Recorded against a backdrop of tragedy and disharmony, Bigelf's fourth album Into The Maelstrom was aided by a revamped line-up and help from old pal Mike Portnoy. In 2014 band leader Damon Fox told Prog he was, at last, cautiously optimistic about the band’s future. But Into The Maelstrom remains the last we’ve heard from them.


Damon Fox has always worn his influences on his velvet-jacketed sleeves. But Bigelf’s fourth album, Into The Maelstrom, is more than just the band’s usual mélange of pomp-prog and psychedelic power pop. Right from the opening track, The Incredible Time Machine, it’s apparent that the new trio line-up – plus guest drummer Mike Portnoy – have created a forward-looking record.

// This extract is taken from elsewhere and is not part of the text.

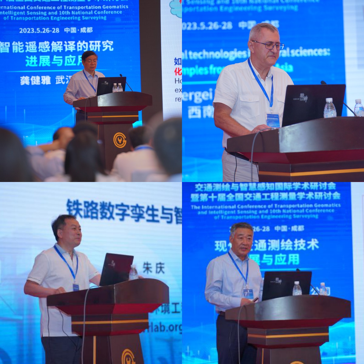 院士/武汉大学宇航研究院院长龚健雅教授、西南交通大学Sergei Krivonogov教授、西南交通大学学术委员会副主任/国家级人才朱庆教授、全国工程勘察设计大师/中国铁路设计集团有限公司王长进副总工程师做大会主旨报告。四位特邀专家先后做了题为“智能遥感解译的研究进展与应用”、“Information technologies in natural sciences: example from Northern Asia”、“铁路数字孪生与智能建造”和“现代交通测绘技术发展与应用”的学术报告。四位专家就新型测绘技术在交通领域的研究进展进行了精彩讲解,赢得了与会学者的热烈掌声。

“We were listening to a lot of Rage Against The Machine, System Of A Down and more aggressive, non-retro rock music,” Fox says. “I wasn’t listening to stoner music. I wasn’t listening to Sabbath stuff. I wasn’t inhabiting the space of The Sword or Tame Impala. I’m trying to figure out a way for Bigelf to be the Radiohead of metal.”

Into The Maelstrom arrives at a time when psychedelic sounds are back in vogue; but Bigelf will have to work hard to re-establish themselves. It’s been almost six years since their last album, Cheat The Gallows. Its melodic singles, Superstar and Money, It’s Pure Evil, constituted a breakthrough, and Dream Theater and Porcupine Tree came calling with tour support slots. Festivals crowds were captivated by Fox at the helm of the stage, flanked by vintage Hammond organs and wearing his signature top hat.

But they failed to capitalise on the moment. Instead, internal conflict threatened to dissolve a band whose entire career has been characterised by setbacks. “We had a tragedy during our roller-coaster ride,” Fox says. “Our Behind The Music documentary would be pretty devastating.”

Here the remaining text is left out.